Characterization of Miniature Probes for Cryosurgery, Thermal Ablation, and Irreversible Electroporation on Small Animals

Focal therapies, including cryosurgery, thermal ablation, and irreversible electroporation (IRE) are widely used in the treatment of cancer and other diseases, aimed at exposing cancer cells to extreme physical conditions leading to cell death. Focal ablation outcomes are extensively studied in small animal preclinical models, such as mice; however, robust engineering characterization of these treatments is largely lacking, due in a large part to the lack of control in applying clinical devices (cm scale) to mouse tumors (mm scale). To address this issue, miniaturized probes are designed and built for controlled application of cryosurgery, thermal ablation, and IRE and their performance is evaluated using ex vivo porcine liver tissue and an in vivo MC-38 tumor model.
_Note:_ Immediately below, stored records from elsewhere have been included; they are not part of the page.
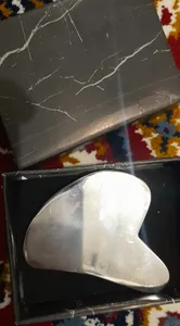گواشا یه تکنیک سنتیه که اگه روزانه حدودا پانزده دقیقه وقت بذارید و حتما قبلش از روغن مناسب پوستتون استفاده کنید دو الی سه هفته نتیجشو میزاره (کم شدن التهاب و پفی صورت و در زمان طولانی تر تغییر فرم صورت) و جنس استیلش واقعا با کیفیته و بنظرم نسبت به مدل های دیگه بهتره (حتما نیم ساعت قبل استفاده داخل یخچال بزارید)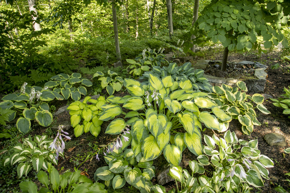 Plusieurs hostas s’épanouissent dans ce jardin ombragé.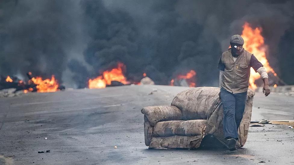 Protesting taxi drivers block the road with stones and burning tyres in Cape Town, South Africa on Monday. About 100 taxi drivers took part in the protest, accusing the City of Cape Town of impounding their vehicles in order to put buses on their route.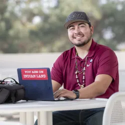 CSUSB history student Alex Espinoza (Chemehuevi), who is a two-time San Manuel Opportunity Scholarship recipient, plans to someday bring his knowledge – and the truth – about U.S. history to his own classroom.
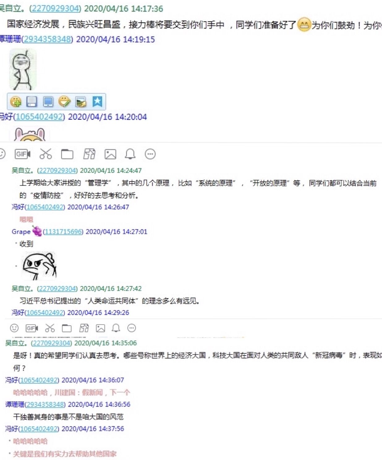 4月11日—4月19日,吴自立老师多次与我校钓鱼城城市化战略研究院研究生班的学生进行视频连线,结合全球“疫情防控”“人类命运共同体”“新冠病毒疫情面前的中国担当”等内容展开讨论,开启学生们的智慧,提高学生们的思辨能力,并且指导学生的论文选题。同学们都踊跃参与互动,气氛热烈,反响很好。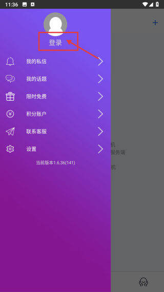 2、在菜单页面,点击登录选项,进入登录选择页面。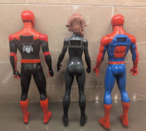 This is a Hasbro Marvel Spiderman Titan Heroes Series that includes two (2) Spider-Man and Spider-Girl. These 12" Action Figures can be connected to a projectile launcher (not included) to port on Spider-Man action figure’s back to activate sounds and phrases inspired by the Spider-Man Movie and fire projectiles! They are all in EXCELLENT condition with no stains, cracks, chips or damages. Located on the west side.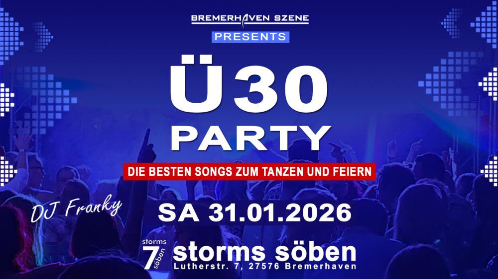 Am Samstag den 31. Januar geht es mit unserer Ü30 Party Bremerhaven im storms söben weiter.

These experimental results are compared to simulated conditions in heat transfer (cryosurgery and thermal ablation) and electrical (IRE) models. Agreements of physical quantities between measurement and modeling are shown for all the focal therapy cases. The in vivo outcome is further correlated with tumor growth delay. The characterization improves the understanding of the energy dose to create tissue damage, therefore enables to better understand outcomes in preclinical studies and predict and optimize the outcome of future clinical procedures.